#### DATASET EXCERPT ####
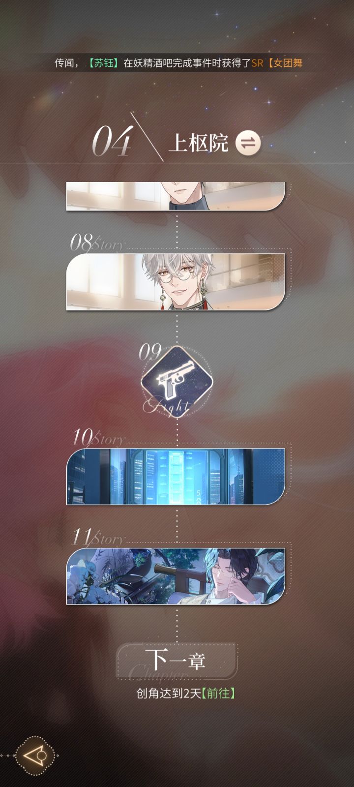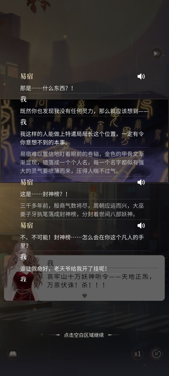 只截了剧情,还挺幽默的。主控因为被捡回来,一直和妈妈走对抗路母女的养成路线,所以是比较大大咧咧,身上带“挂”的设定。三位男主,一位是沉睡千年、在现代醒来的高冷妖怪,一位是魅惑人心、在现代当主播且会算命的狐狸,一位是表面上是上司、实则喜欢主控的温柔第一术士。至于玩法,是按时间恢复体力,用体力解决事件,从而拿到经验升级的流程。在解决事件中,会触发各种奖励,比如金币、钻石、衣服、升级材料或男主约会
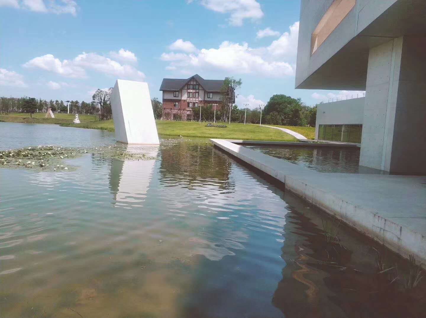 極簡的米白色外觀,建筑設計感十足,每一個角落都是藝術,不管怎么拍都很容易出片。極簡式的幾何形建筑棱角分明,加上水面的倒影,仿佛模糊了虛與實的界限。再加上性冷淡的色彩,拍出來的照片想不好看都難。
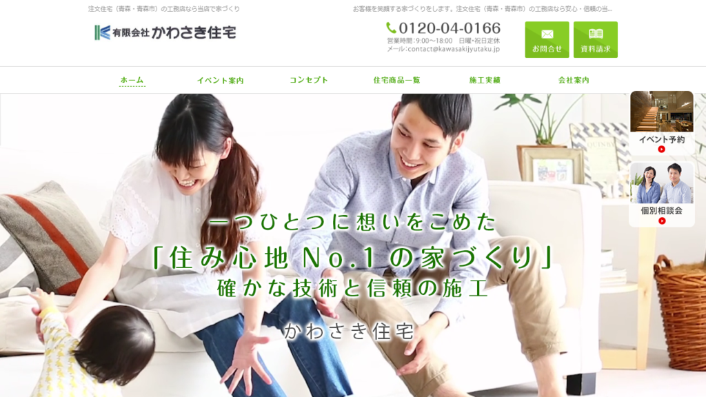 有限会社かわさき住宅は、1994年(平成6年)創業以来、青森市で住宅関連事業を営み続けている工務店。地元職人とともに「家族の笑顔をつくる家づくり」をモットーに活動しています。
####
EXERCISE: Every line of the data should be copied as it stands, without the images.

WRITTEN RESPONSE:
 只截了剧情,还挺幽默的。主控因为被捡回来,一直和妈妈走对抗路母女的养成路线,所以是比较大大咧咧,身上带“挂”的设定。三位男主,一位是沉睡千年、在现代醒来的高冷妖怪,一位是魅惑人心、在现代当主播且会算命的狐狸,一位是表面上是上司、实则喜欢主控的温柔第一术士。至于玩法,是按时间恢复体力,用体力解决事件,从而拿到经验升级的流程。在解决事件中,会触发各种奖励,比如金币、钻石、衣服、升级材料或男主约会
 極簡的米白色外觀,建筑設計感十足,每一個角落都是藝術,不管怎么拍都很容易出片。極簡式的幾何形建筑棱角分明,加上水面的倒影,仿佛模糊了虛與實的界限。再加上性冷淡的色彩,拍出來的照片想不好看都難。
 有限会社かわさき住宅は、1994年(平成6年)創業以来、青森市で住宅関連事業を営み続けている工務店。地元職人とともに「家族の笑顔をつくる家づくり」をモットーに活動しています。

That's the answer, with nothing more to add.